I've been chatting to a guy for over a week, and it all seemed to be going well. We spoke last night and planned to catch up today or after work sometime during the week. Then today, he's completely different. His replies are short and clearly doesn't want to talk to me. I understand we don't have to chat all the time, that's fine, but I'm taking it as he isn't as interested as he seemed to be over the last week??
I am a bit disappointed, I thought things were going well and if anything a good friendship could form.
This is a prime example of a huge issue I have with this generation.
Texting has ruined everything! You can't convey emotion/tone through texts therefore you can't determine how someone feels by a text. Maybe he was really busy or doing something important but still taking the time to at least respond to your messages rather than just ignore you.
-He probably doesnt feel so good today or day he texted you. As said above, texting can ruin things. Maybe call him. Some epople dont like to type long text ,some prefer talking. You can try again another time or day. I wouldnt jump to assumptions.
We haven't spoken today either. He's opened my snapchats but no response. I guess it was fun while it lasted?
The ball is in his court now! If he decides to reach out, great! But if he doesn't, know you'll be okay, you're worth so much more than a boy who leaves you on read, girl!?

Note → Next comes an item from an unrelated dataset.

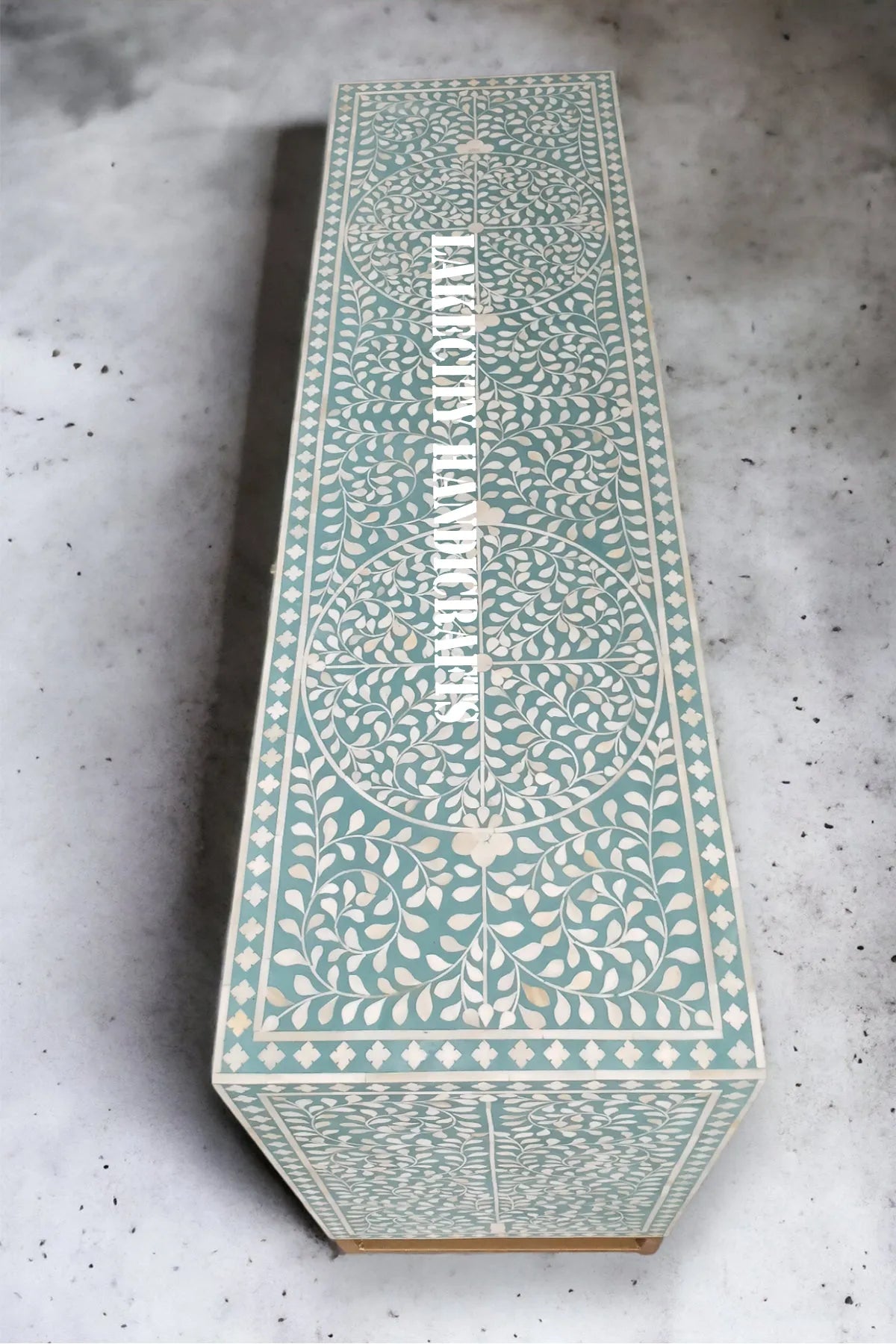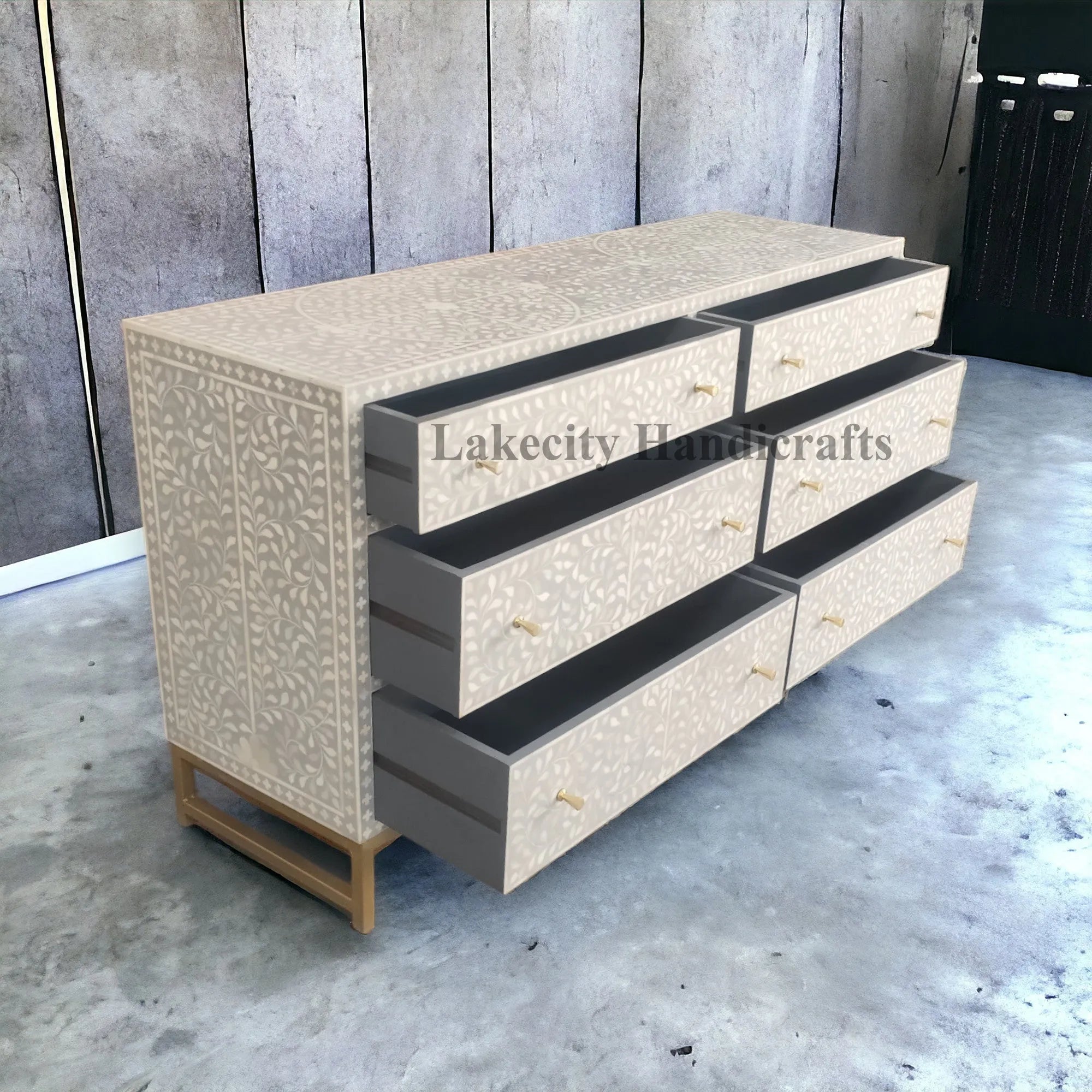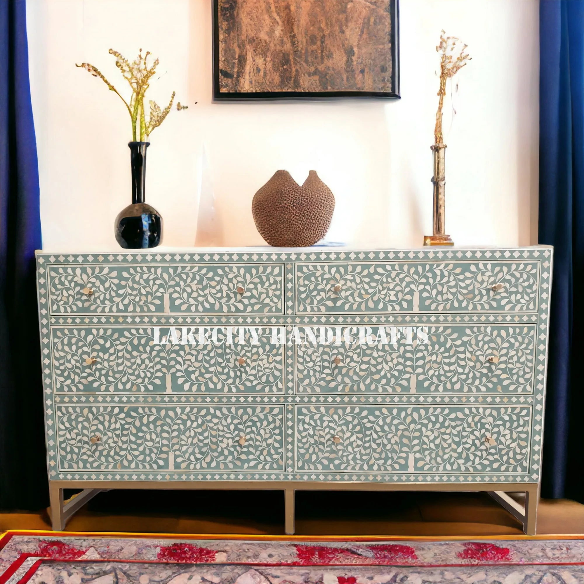 | Handcrafted bone inlay buffet reinforced with tropical hardwood |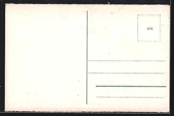 Personenbezogene Daten auf der Rückseite der Karte wurden durch blauen Textmarker unkenntlich gemacht. Die blauen Stellen sind auf die Vorderseite durchgeweicht und wirken sich negativ auf das Postkartenfoto aus

Did you raise any new topics or say anything that could possibly have bothered him? For example did you ask any leading questions about dating or get more sexual than before or make any critical remarks about a coworker or anything you can think of that could possibly affect how he feels about things?
If not, it's probably him not you. You have no way of knowing what's going on in his life. Maybe he went on a date with another girl for example, and thinks he shouldn't flirt with you for that reason?
Just remember that anything could be going on that you don't know about, this has happened to me before and turns out he had met someone else, I'm not saying this is neccessarily the case but boys can get turned off easily, something might have scared him off, it's most likely not you and he could have just been having a bad week.?
I can't think of anything I could have said. He was the one saying I should come see him over the weekend, and I agreed. That's when the next day he seemed weird and this all happened. I think he got scared. That, or the theory of another girl. I've asked him straight out if I did something wrong. If he doesnt reply, then that's enough proof not to waste my time :)
Oddly enough there are things that happen in a guy's life now and then that has nothing to do with you.? Maybe he got into it with his boss or he just isn't feeling well.? It would be nice if he would share what's going on with you but one thing I have learned is that when a guy is struggling with a problem that he hasn't figured out yet the last thing he wants to do is talk about it.? Weird hu?? So, he might just be feeling very distracted right now and if you keep badgering him to tell you what is wrong it's likely to drive him farther away.It's hard to say for sure since I have no idea what your conversations were like.? I would think that there is a possibility that he is getting frustrated with the lack of progress your relationship is making, guys will only be content chatting online for so long, but it sounds like you have plans to meet up in person.? Is that still on?? If you're not sure you should ask.? If he still wants to see you then I think you are fine assuming he is still interested.